過去において、フィラリア診断検査の感度と特異度を向上させる取り組みにおける最初の成功の一つは、寄生虫ゲノム中の反復配列の同定でした。ポリメラーゼ連鎖反応(PCR)などの技術の進歩により、寄生虫の蔓延状況に関する大規模な調査をはるかに容易にする様々な検査法が開発されました。[ 9 ]
フィラリア原虫は、マクロファージや制御性T細胞の活性化など、いくつかの免疫調節機構を誘導することが知られています。フィラリア原虫が免疫グロブリンG4(IgG4)を産生することで宿主の免疫応答を変化させる仕組みにおいて、制御性T細胞が重要な役割を果たすことが分かっています。無症候性のフィラリア症患者では、血漿中のIgG4濃度が非常に高いことが記録されています。そのため、粗フィラリア抽出物や寄生虫抽出物の分画を用いたIgG4反応を測定する新しい検査法は、全体的な特異度は向上しますが、ミクロフィラリア症の血清ドナーと非ミクロフィラリア症の血清ドナーを区別するのには効果的ではありません。循環抗原を測定する検査法は、生きた虫のみが循環抗原を分泌するため、活動性感染の測定により適していると期待されます。[ 10 ]
循環フィラリア抗原を検出するための免疫診断キットの開発を目指し、フィラリアに特異的な抗原と抗体を用いた様々な検査が行われた。Og4C3モノクローナル抗体を用いたELISA法と、同じモノクローナル抗体を用いた免疫クロマトグラフィー(ICT)カード法が試験された。しかし、これらの市販の検査法は、現場での適用において、安定性、コスト、特異性に関していくつかの問題を抱えている。さらに、ICT法では、ミクロフィラリア陰性の個体の25%が循環フィラリア抗原陽性となることが確認されている。[ 11 ]

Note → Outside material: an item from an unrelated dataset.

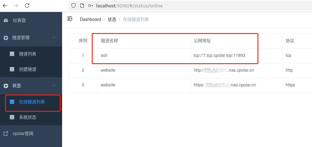 然后点击下方的在线隧道列表,可以看到 ssh 的公网地址:

上記の循環抗原に基づく市販の検査は、バンクロフト成虫の検出に限られており、治療薬が効かなくなる感染後期になって初めて診断が可能となる。バンクロフト成虫フィラリア症に特異的なSXP-1抗原が認められたことから、寄生虫特異的抗原の探索が開始された。成虫のcDNAライブラリーを、無ミクロフィラリア症患者とミクロフィラリア症患者の血清を用いてスクリーニングした結果、この抗原が同定された。天然SXP-1抗原はミクロフィラリアと成虫の抽出物中に存在し、どのライフサイクルステージにも特異的ではないことが確認された。[ 12 ]
W. bancrofti 特異的抗原を同定するため、pastor らは Bm SXP 遺伝子を用いてW. bancrofti幼虫ステージ 3 cDNA ライブラリをスクリーニングした。これにより、予測分子量 20.8 kDa のポリペプチドをコードするW. bancrofti SXP-1のcDNA配列が同定された。Wb-SXP は BmSXP ポリペプチドと 85 % 同一であることが判明したが、C 末端に沿って異なり、前者には 29 アミノ酸長の延長があった。アミノ酸位置 153 に終止コドンが導入された WbSXP-1 変異体は、さまざまな W. bancrofti 集団に広く分布していることが示された。さまざまな線虫から入手可能な配列を検索した結果、ペアワイズ比較で配列のかなりの同一性を示す他の多くの線虫に SXP-1 相同遺伝子が存在することが明らかになった。例としては、O.volvulus(同一性50%; Ov-SXP-1)、Ascaris suum(同一性43%; As-SXP-1)、Loa loa(同一性46%; Li-SXP-1)、C.elegans(同一性29%; Ce-SXP-1)などが挙げられる。これらの線虫由来分子すべてに不変かつ保存された残基が存在することから、Wb-SXP-1は新しいタンパク質ファミリーのメンバーであることが示唆される。[ 13 ]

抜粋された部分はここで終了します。